━━━━━ Stored data
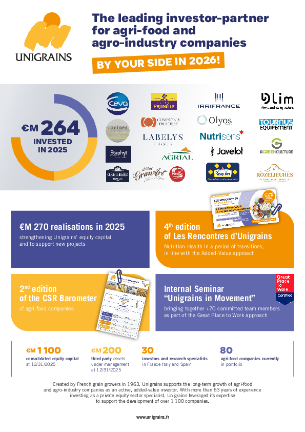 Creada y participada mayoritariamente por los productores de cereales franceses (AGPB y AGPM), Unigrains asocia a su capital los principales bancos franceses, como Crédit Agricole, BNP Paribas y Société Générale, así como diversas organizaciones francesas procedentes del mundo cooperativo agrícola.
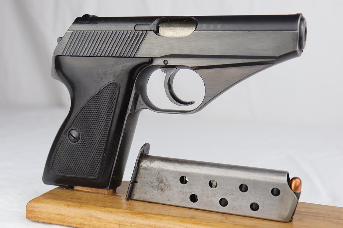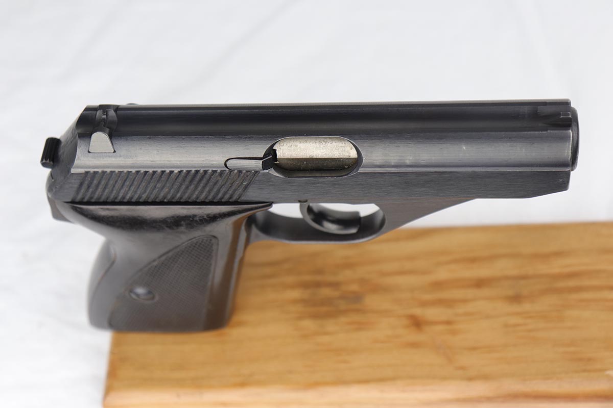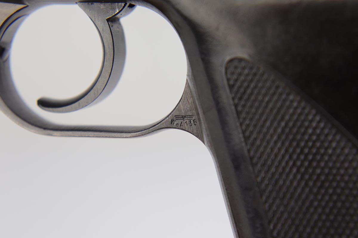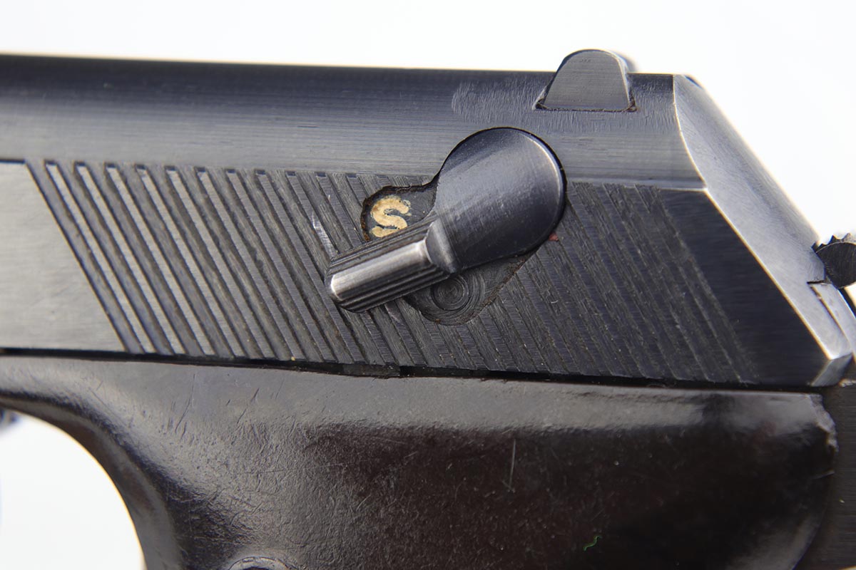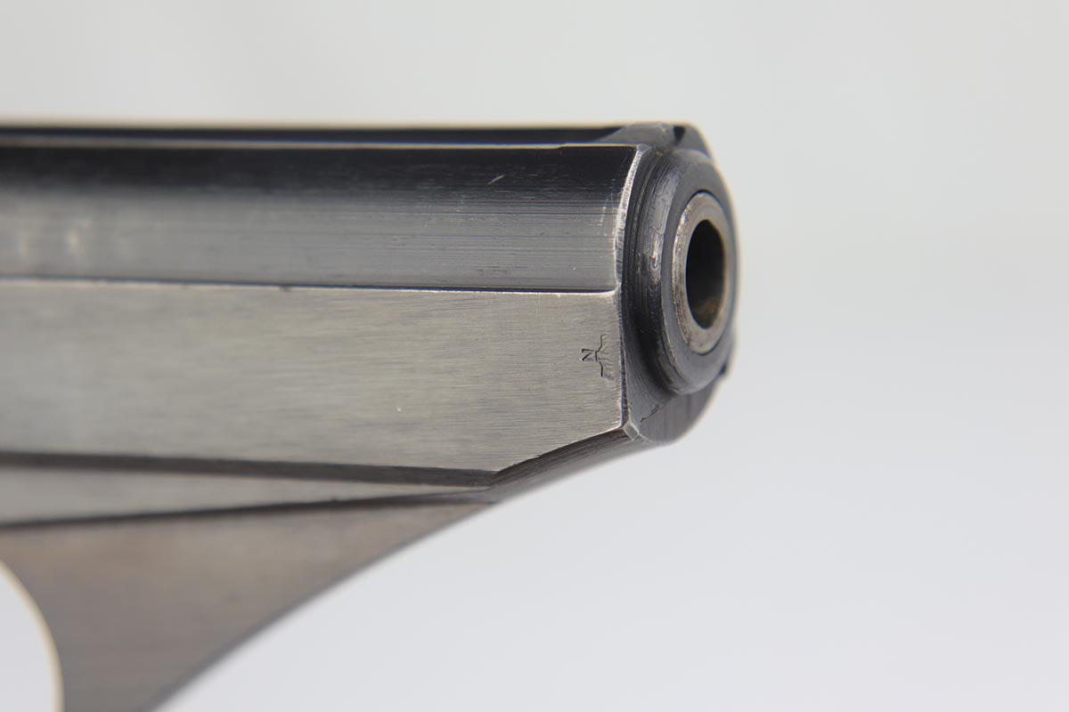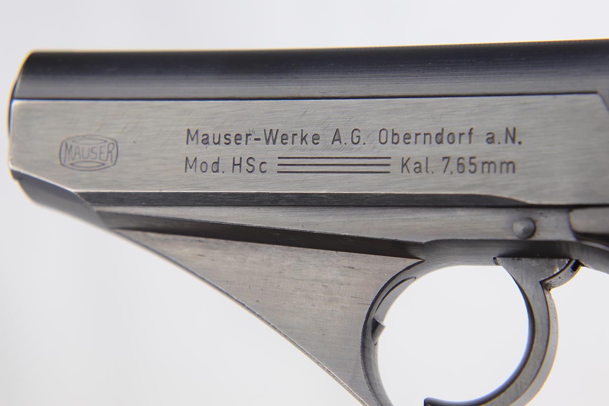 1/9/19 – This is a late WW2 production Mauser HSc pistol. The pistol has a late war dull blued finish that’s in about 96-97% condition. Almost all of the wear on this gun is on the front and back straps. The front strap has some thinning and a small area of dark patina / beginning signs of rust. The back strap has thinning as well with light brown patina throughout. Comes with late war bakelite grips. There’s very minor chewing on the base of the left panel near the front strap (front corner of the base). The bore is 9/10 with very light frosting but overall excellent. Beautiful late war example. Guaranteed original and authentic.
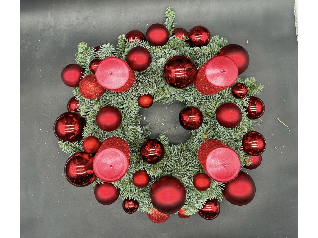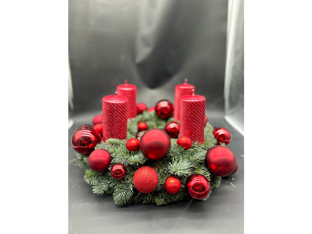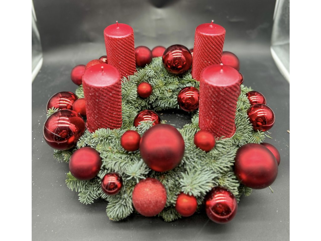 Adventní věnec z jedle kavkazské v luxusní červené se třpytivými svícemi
━━━━━━━━━━
* [Problem to work on]:
From the first line to the last, please copy the data exactly, with the pictures left out.

* [Written solution]:
 Creada y participada mayoritariamente por los productores de cereales franceses (AGPB y AGPM), Unigrains asocia a su capital los principales bancos franceses, como Crédit Agricole, BNP Paribas y Société Générale, así como diversas organizaciones francesas procedentes del mundo cooperativo agrícola.
 1/9/19 – This is a late WW2 production Mauser HSc pistol. The pistol has a late war dull blued finish that’s in about 96-97% condition. Almost all of the wear on this gun is on the front and back straps. The front strap has some thinning and a small area of dark patina / beginning signs of rust. The back strap has thinning as well with light brown patina throughout. Comes with late war bakelite grips. There’s very minor chewing on the base of the left panel near the front strap (front corner of the base). The bore is 9/10 with very light frosting but overall excellent. Beautiful late war example. Guaranteed original and authentic.
 Adventní věnec z jedle kavkazské v luxusní červené se třpytivými svícemi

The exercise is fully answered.